‘I think I disappointed him,’ Hackman said of working with the actor-director
Warren Beatty and Gene Hackman’s storied screen careers are like two long lines that intersect at critical points. Both came to Hollywood as the ‘50s turned the corner into the ‘60s, and both got their first tastes of the profession through television – Beatty on the black-and-white sitcom The Many Loves of Dobie Gillis; Hackman with bit parts on long-running series like Naked City and Route 66. Both also got to flex more dramatic muscles with prestigious live-television anthologies such as Playhouse 90 and The United States Steel Hour.

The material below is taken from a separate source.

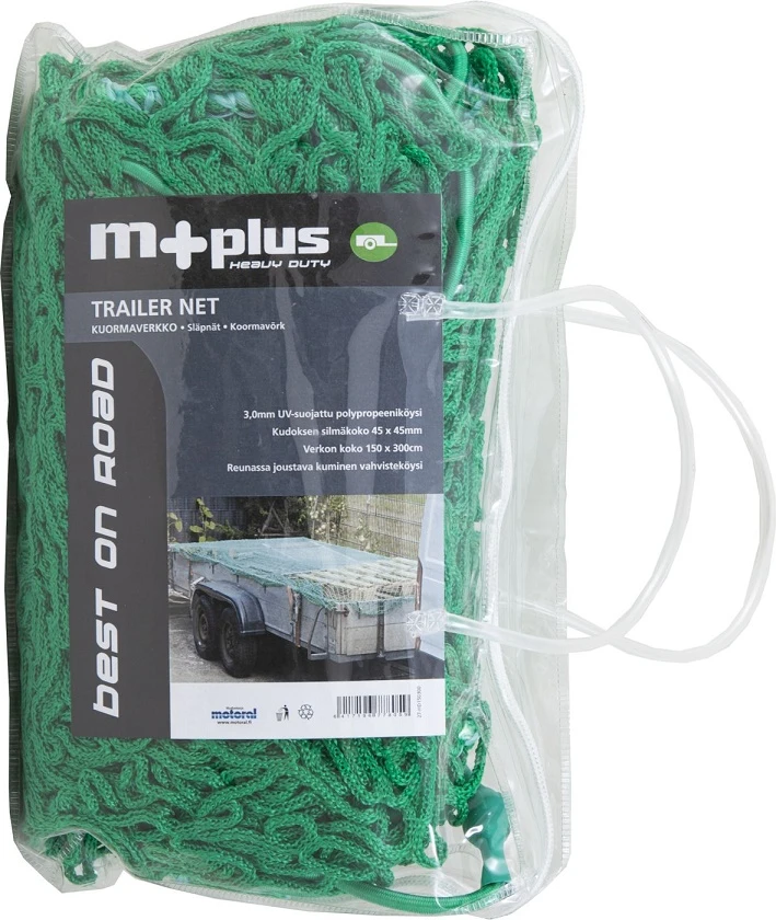 M+ HD Kuormaverkko, joustava reunaköysi. Peräkärryn kuormaverkko150x300cm. Verkon silmäkoko 45 x 45 mm. UV-suojattu polypropeeniköysi. Joustava reunanauha. Suojapussissa.

Then, in 1964, the two future Oscar winners met for the first time on the set of the moody and experimental mystery, Lilith, starring Jean Seberg. Beatty had already hurtled to stardom with his 1961 movie debut, Splendor in the Grass, for which he won a Golden Globe for Most Promising Newcomer. Hackman, on the other hand, was just starting out in features. “Between takes, during the one good dialogue scene we had together, Warren would ask director Robert Rossen [The Hustler] why he was doing certain masters, tracking shots and set ups,” Hackman recalls. “This being my first film, I was so full of tension. But still, Warren’s interest in the technicalities of filmmaking impressed me.” Making note of Beatty’s curiosity, Hackman could tell that his costar would someday end up behind the camera.
Says Beatty, “There’s a scene in Lilith between me and Gene and Jessica Walter, and I thought that Gene was such a natural, honest, brilliant actor that he made me good in our scene together. I remember thinking, I’m not going to do any other movies without him.”

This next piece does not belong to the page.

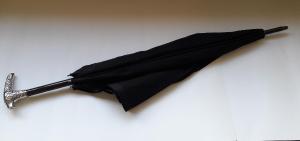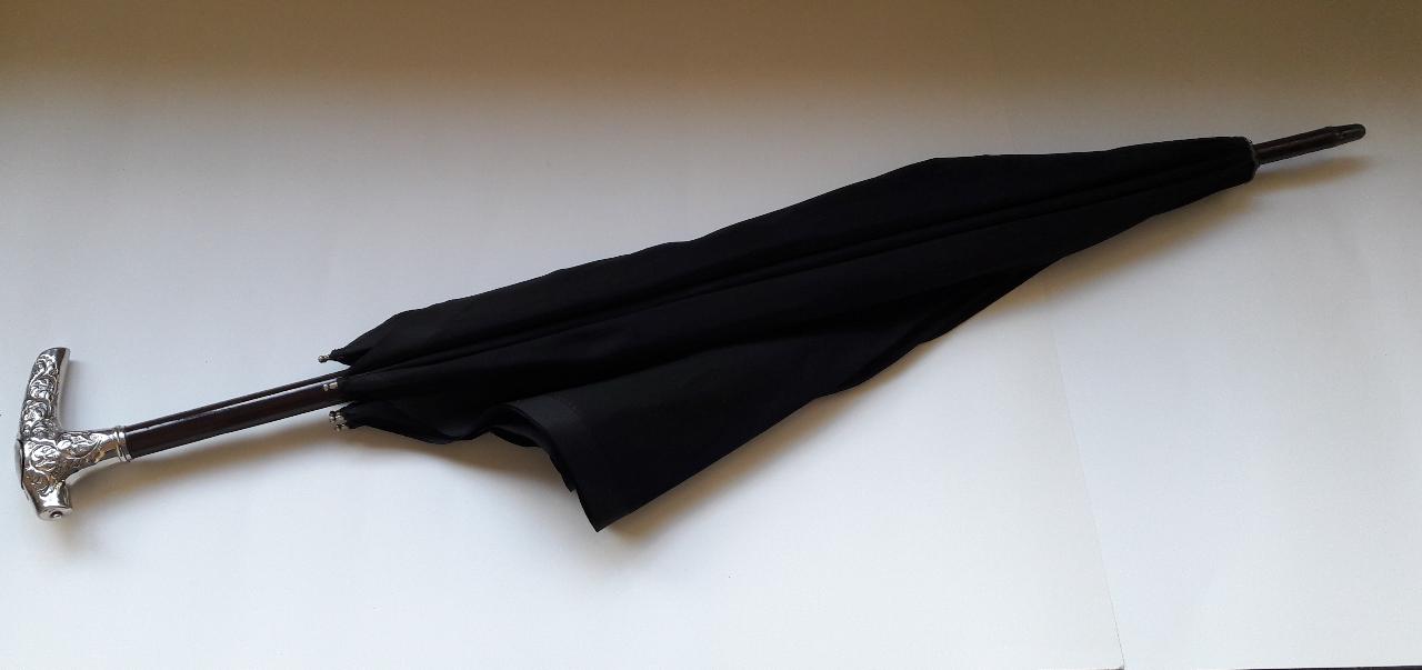 Ombrello con manico in argento sbalzato ornato con motivi decorativi vegetali: l'impugnatura presenta un piccolo sportello che si apre a scatto premendo un piccolo bottone e all'interno nasconde un vano.\nLungo il bordo del baldacchino si ripete in senso modulare la scritta "Garantito".

Beatty (whose latest film, Rules Don’t Apply, opens Nov. 23) did go on to make several other films without Hackman – films like Mickey One, Promise Her Anything, and Kaleidoscope. But those were all jobs for hire. He didn’t have any say in casting. Then, with 1967’s Bonnie and Clyde, when Beatty was the producer of that rule-breaking outlaw romance, he could fill the cast with his actors. He immediately thought of Hackman for the part of Buck Barrow, his on-screen brother and partner in crime. “Actor-producers were rare in those days, says Hackman. “There was no doubt as to who was in charge. And several Hollywood long-time ‘Pros’ on the set openly wondered about this upstart – this so-called ‘producer’ – knowledgeable beyond his years and known by few.” Just 30-years-old when the film was released, Beatty was an upstart. But Bonnie and Clyde happened to be the kind of revolutionary movie that only an upstart could make.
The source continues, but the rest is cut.